The Consumer Price Index (CPI) rose 1.8% in June compared to the previous month and its year-on-year rate shot up 1.5 points, to 10.2%, its highest level since April 1985, according to the advanced data published this Monday by the National Institute of Statistics (INE).
In this way, inflation has chained two consecutive months of increases in its interannual rate after in April it moderated 1.5 points of blow, up to 8.3%.
Later, in May, it climbed to 8.7% and in June it exceeded the feared double digits: 10.2%.
The data for June, which will have to be confirmed by Statistics in the middle of next month, is four tenths higher than the peak that had been reached in the month of March, of 9.8%.
According to the INE, the rise in the interannual CPI to 10.2% in June is mainly due to increases in the prices of fuels and food and non-alcoholic beverages.

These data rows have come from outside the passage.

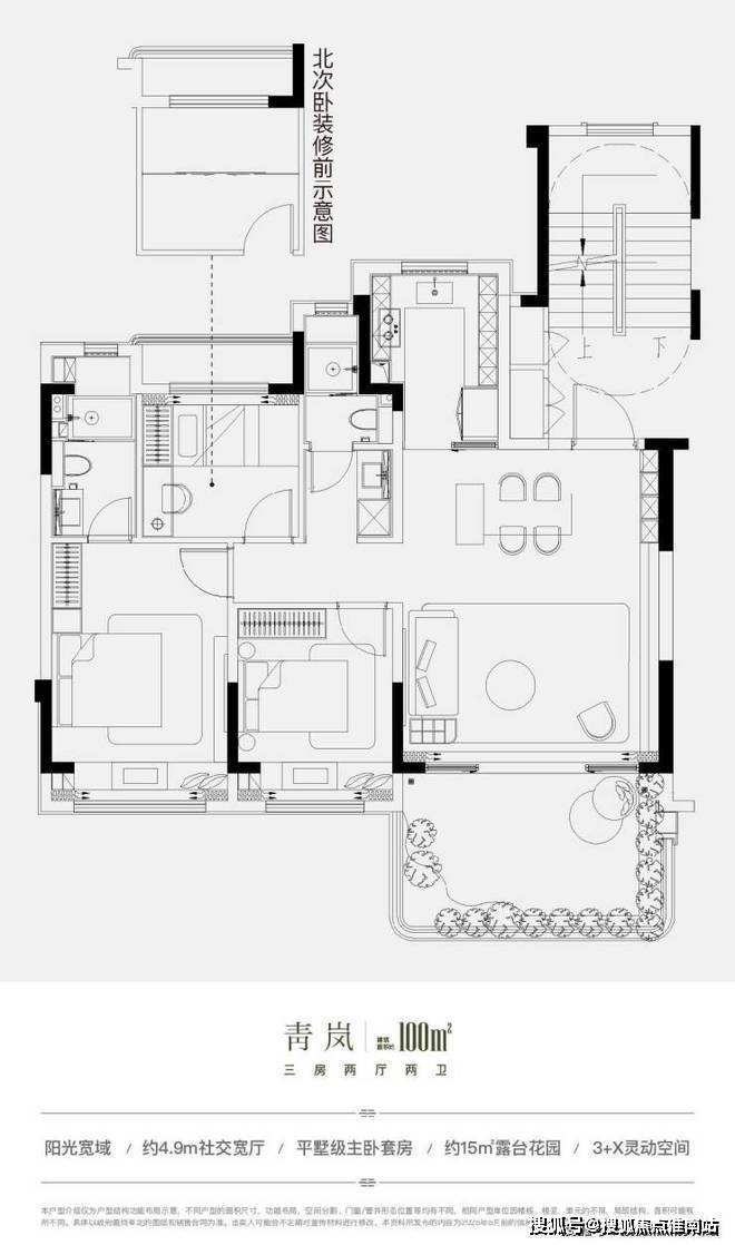 青岚户型建筑面积约100㎡三房两厅两卫
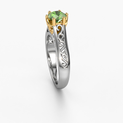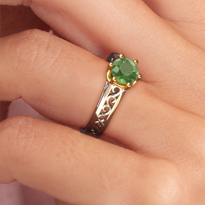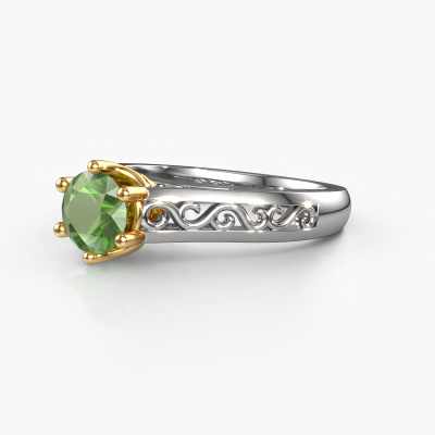 The ring shown above is called the Shan, we call this a solitaire ring because it contains a single gemstone. The engagement ring is made in 14 Carat white gold and has a round tourmaline green of 6 mm. The cool thing about our configurator is that you can compile your own piece of jewellery, into a completely personalized one. This solitaire ring is crafted in the precious metals white gold with gold, but of course you are free to pick your own colours. Each piece of jewellery is made by a team of passionate goldsmiths and jewel designers. This will make your crown jewel truly eye-catching.The solitaire ring is a special type of engagement ring. Its open prong setting allows light to strike the gemstone from various angles. This Celtic engagement ring is a stunning eye-catcher because of the high positioning of the gemstone. In order for you to commemorate your proposal with a unique ring, we carefully adorn this solitaire ring by hand. The love of your life deserves nothing but the best. By using our modern techniques, we can design and customize the finest quality jewels with the utmost care for you. Our engagement rings are always priced 30 percent lower than other jewellers. We make engagement rings to order so we don't have to maintain a large stock. If you have a certain budget, we are more than happy to advice you accordingly.Have you found a specific engagement ring somewhere which you would like to give to your loved one? Please feel free to express your wishes to our jewel designers because we would be honoured to turn your design into a Celtic engagement ring. You can follow the development of your ring design because we use 3D drawings. This gives you a realistic preview of how your design will look. You can also preorder a dummy. A dummy is a plastic ring, which can be shaped according your ring design. You can try it on and check if its width and size are suitable for you. We will gladly send you a non-binding offer, based on a fair price/ quality ratio. It will amaze you, considering the quality of the ring and gemstones.To make it easier for you, we offer a 30 day return policy. Check our terms and conditions.
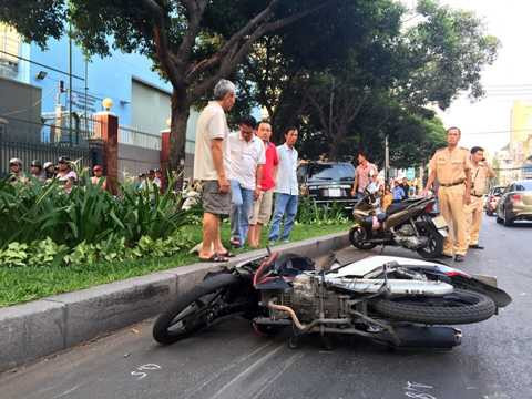 Vụ tai nạn xảy ra vào khoảng 16h30' ngày 26/3, ngay góc giao lộ giao lộ Điện Biên Phủ - Mạc Đĩnh Chi (Q.1, TP.HCM).
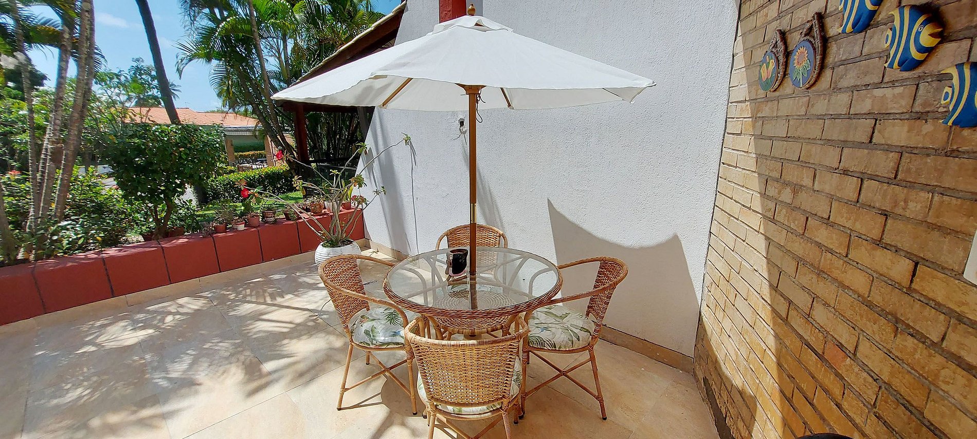 - Round table with glass top, parasol and 4 wicker chairs
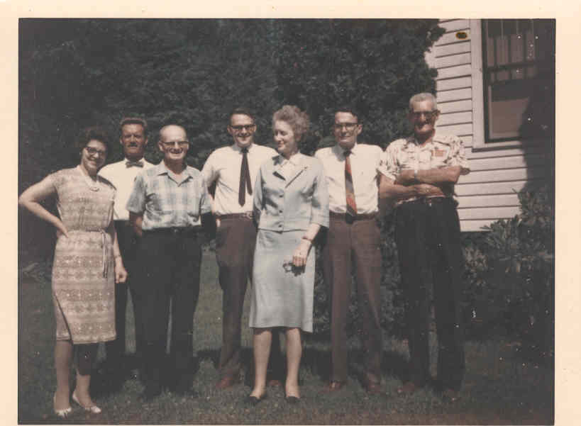 A mid-1960s photo shows several of my siblings along with our father, Ben W. Farthing. From left is Laura, (1913-1971), Louis, (1920-1996), Raymond, (1915-2004), Benjy, (1930-1975), Frances, (1911-2000), Wheeler, (1917-1967), Our father, Ben Farthing, (1889-1967). Baxter and Dixie Farthing Huff are not in photo. |
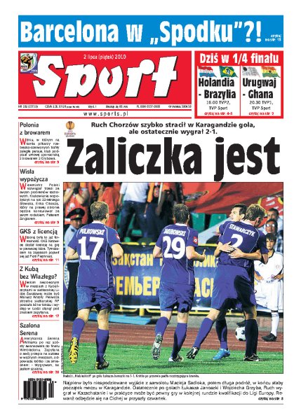 Już dziś poznamy pierwszych półfinalistów mistrzostw świata w piłce nożnej; czy Holandia pokona w końcu fantastyczną Brazylię; w sobotę rozpoczyna się 97. edycja kolarskiego Wyścigu Dookoła Francji; wywiad z Anetą Florczak, najsilniejszą kobietą świata; Mariusz Wlazły, jeden z najlepszych polskich siatkarzy może być wielkim nieobecnym w dwumeczu z Kubańczykami; Serena Williams po raz szósty awansowała do finału Wimbledonu.
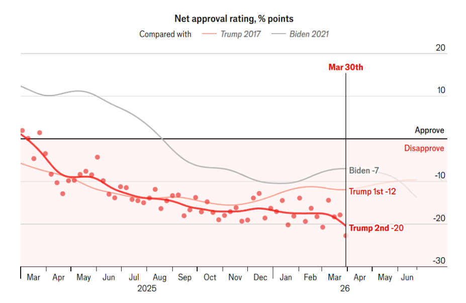 Su desaprobación llegó al 57% – la más alta de toda su carrera política, sumando ambos mandatos. Creo que es interesante ver este gráfico de “The Economist”, donde se ve claramente como se empezó a acelerar la desaprobación neta (aprobación menos desaprobación):
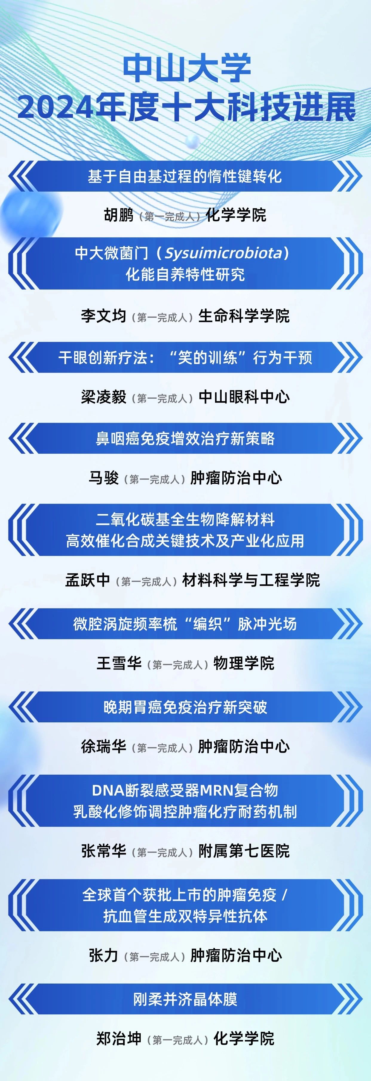 会上公布了bat365在线中国登录入口2024年度十大科技进展,10项成果分为基础研究、应用研究和科技转化三大类别,覆盖肿瘤、眼科、物理、化学、材料、微生物等多领域前沿研究,相关成果在世界顶级期刊发表或已在业界开始应用。
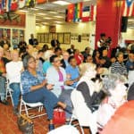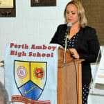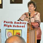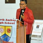 PERTH AMBOY – There was a Dedication Ceremony of a Plaque of Austin E. Gumbs at Perth Amboy High School on 10/19/17. Photo#1 – Mona Shangold was Master of Ceremonies; Photo #2 Milan Zahorcak unveils the plaque; Photo #3 Ellen Nemeth spoke about Austin Gumbs and his accomplishments; Photo #4 – PAHS Principal Mrs. Daisy Rodriguez spoke a few words; Photo #5 – Joycelyn Gumbs Alsup spoke about her father; Photo #6 Watching the Dedication; Photo #7 (LtoR) Ellen Nemeth, Milan Zahorcak, Mona Shangold, Ian Aslup, Joycelyn Gumbs Aslup; Photo #8 Austin Gumbs Plaque
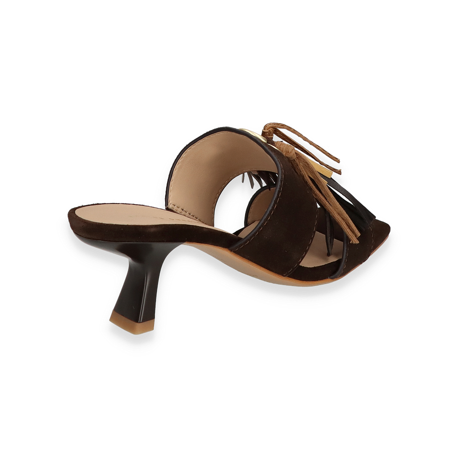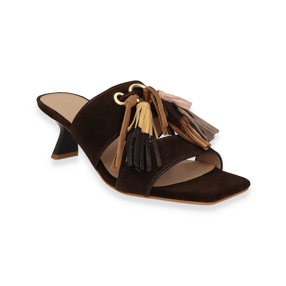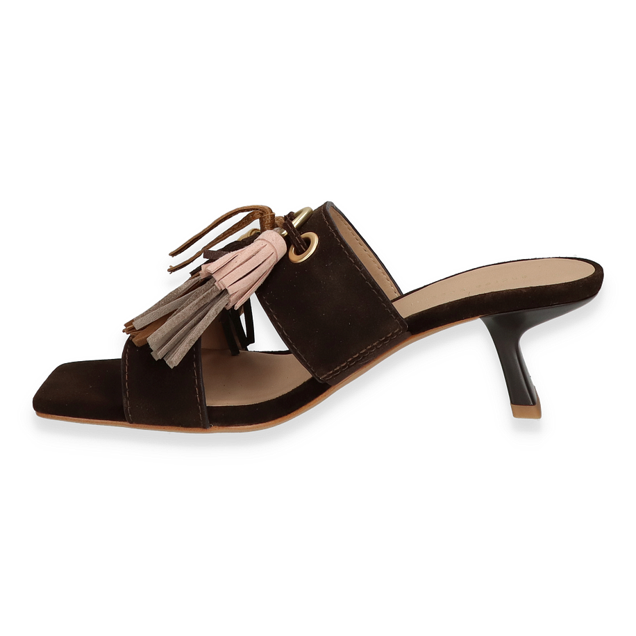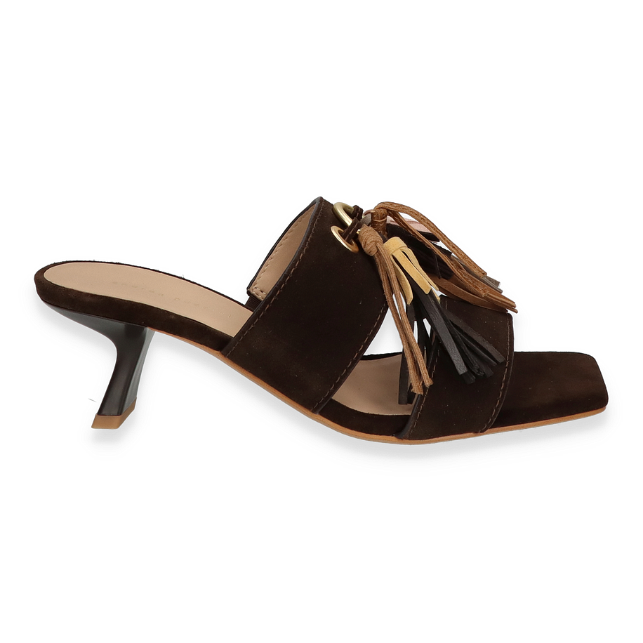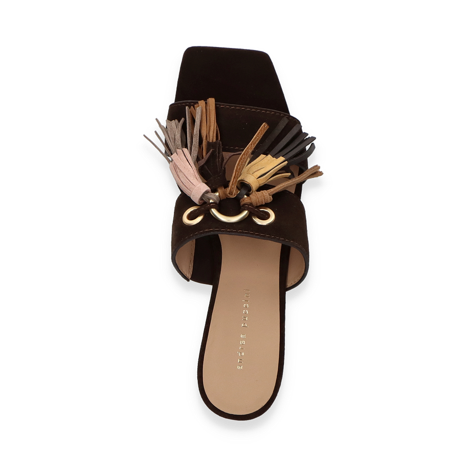 Preis inkl. MwSt.Entdecken Sie die eleganten Pantoletten von Andrea Puccini in einem edlen Dunkelbraun. Diese stilvollen Schuhe für Damen zeichnen sich durch ihre raffinierte Gestaltung mit dekorativen Quasten aus, die jedem Outfit einen Hauch von Raffinesse verleihen. Der 5 cm hohe Absatz sorgt für eine ansprechende Silhouette und bietet gleichzeitig optimalen Tragekomfort. Das hochwertige Leder als Obermaterial unterstreicht die luxuriöse Anmutung dieser Pantoletten.

The rebound in the prices of hotels, cafes and restaurants, higher than last year, has also had an influence.
UNDERLYING INFLATION, AT RECORD FIGURES SINCE 1993
The INE incorporates in the CPI data preview an estimate of underlying inflation (without unprocessed food or energy products), which increased six tenths in June, to 5.5%, its highest value since August 1993. In this way, the underlying is 4.7 points below the rate of the general CPI.
In monthly terms, the CPI registered a rise of 1.8% in June compared to May, a rate one point higher than that of the previous month.
In the sixth month of 2022, the Harmonized Consumer Price Index (IPCA) placed its interannual rate at 10%, which is 1.5 points more than in May.
For its part, the advance indicator of the IPCA increased by 1.8% in the monthly rate.
The INE will publish the final CPI data for June on July 13.